Горов, переминаясь на пороге, готов был хлопнуть дверью, его удержала Золотая Звезда Героя на гимнастерке фронтовика.

— Напугал Веревкин, страсть! — гремел Чиркавый. — Воздушные стрельбы назначил! Отлично. Даже очень хорошо. С тобой в стрельбе состязаться? Пожалуйста. Хоть с Клещевым, хоть с Барановым!

— С поезда я, «состязаться»… Десять дней тряслись, все еще еду…

— Ах, притомился… Устал!.. А год под Старой Руссой, не вылезая, одна официантка, зубная врачиха да фря, которая строит из себя недотрогу… — При слове «фря» он запнулся, сморщился, одумываясь, не лишку ли хватил, и продолжал: – И ведь опять туда, в болото, неужели пожить отдельно не заслужил?.. Переучиваться?.. Или же Веревкину наушничать?

— Будь здоров, Чиркавый! — грохнул дверью Алексей. Уязвленный в лучших своих чувствах, смиряя обиду, раздумывал он на крыльце, под звездами, куда ему податься, в какие ворота стучать, а старуха за его спиной, в сенях, пеняла постояльцу: «Чем одному-то маяться, сели бы рядком да песни пели… поезд из Москвы последний, теперь до утра не будет…» — «Не будет?» — «Нет… Человека на мороз выставил, десять дней, говорит, трясся… Хорошо ли, Афанасий Семенович?..»

Дверь позади Горова раскрылась.

— Мерзнешь, Дальний Восток? — Чиркавый стоял перед ним, придерживаясь за скобу. — Какие все в тылу барышни, слова не скажи, сейчас в обиду… Давай в избу! Повторять не буду, сказано – не студи!..

Алексей, прохваченный морозцем, прошел к протопленной печи, молча начал раздеваться.

— Водка есть? — спросил Чиркавый. — Спирт? — Он брезгливо поморщился. — Давай спирт. Мать, что с ужина осталось?.. А много и не надо, рукавом занюхаем…

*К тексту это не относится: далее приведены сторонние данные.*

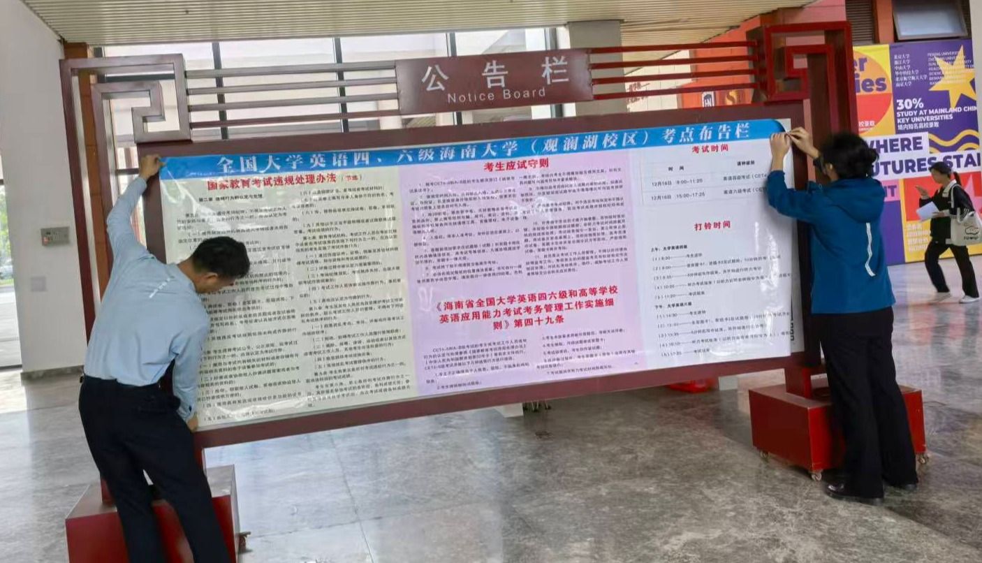 牵头召开后勤、保卫、基建、校医院、学生工作部、研究生院多部门协调会议以统筹考务保障工作,协调各分校区于考前一日完成考场内部及外围环境标准化布置,全力保障考试期间考场秩序;考前一周组织 70 余名学生志愿者,在海甸校区、观澜湖校区、儋州校区、崖州校区(崖城中学考点)开展考前试音工作,实现所有考场全覆盖。协同各学院开展考前考风考纪教育,制作并悬挂纪律宣传横幅,常态化提醒考生严守考试纪律。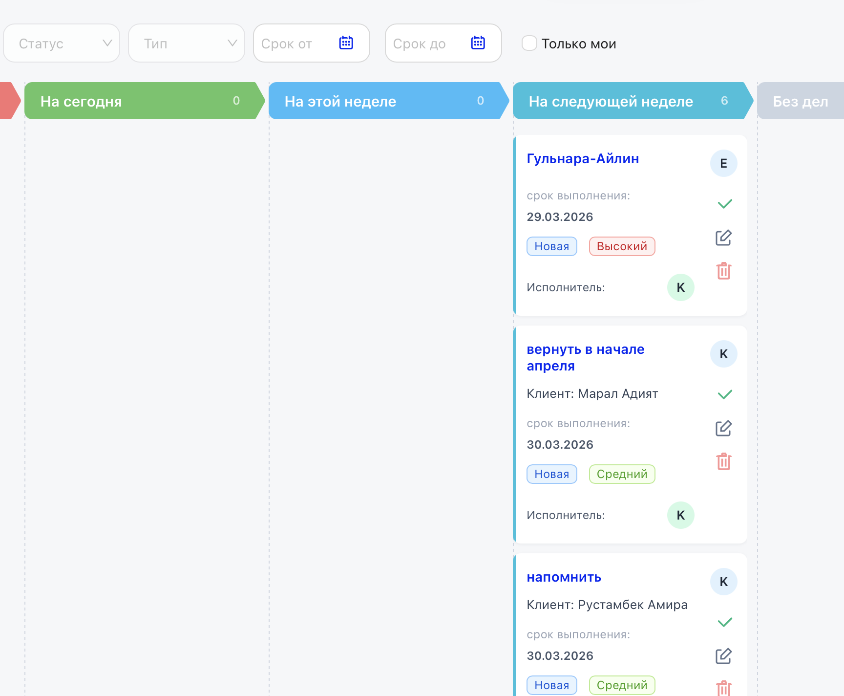 Постановка задач сотрудникам с дедлайнами и приоритетами. Канбан-доска показывает просроченные, текущие и запланированные задачи.

Непьющий Горов, слова не говоря, достал припасенную для первого фронтового застолья баклажку. Чиркавый одернул гимнастерку, примял ладошкой волосы, плеснул из фляги по кружкам: «Дай бог не последняя!»

С Золотой Звездой Героя фронтовик Чиркавый свыкался медленно и трудно. В морском порту, где до призыва в армию его знали как хваткого стропаля, парни от моды не отставали. Один щеголял в «капитанке» с надставленным плоским лакированным козырьком, другой форсил хромовыми сапожками «джимми» с вывернутыми наружу желтыми голенищами, а на маленьком Чиркавом всегда красовался берет с помпоном, выменянный у боцмана канадского лесовоза на бухточку манильского троса. Других, более существенных отличий от портовой братвы Афоня не имел, отсюда и прозвище его – Беретка.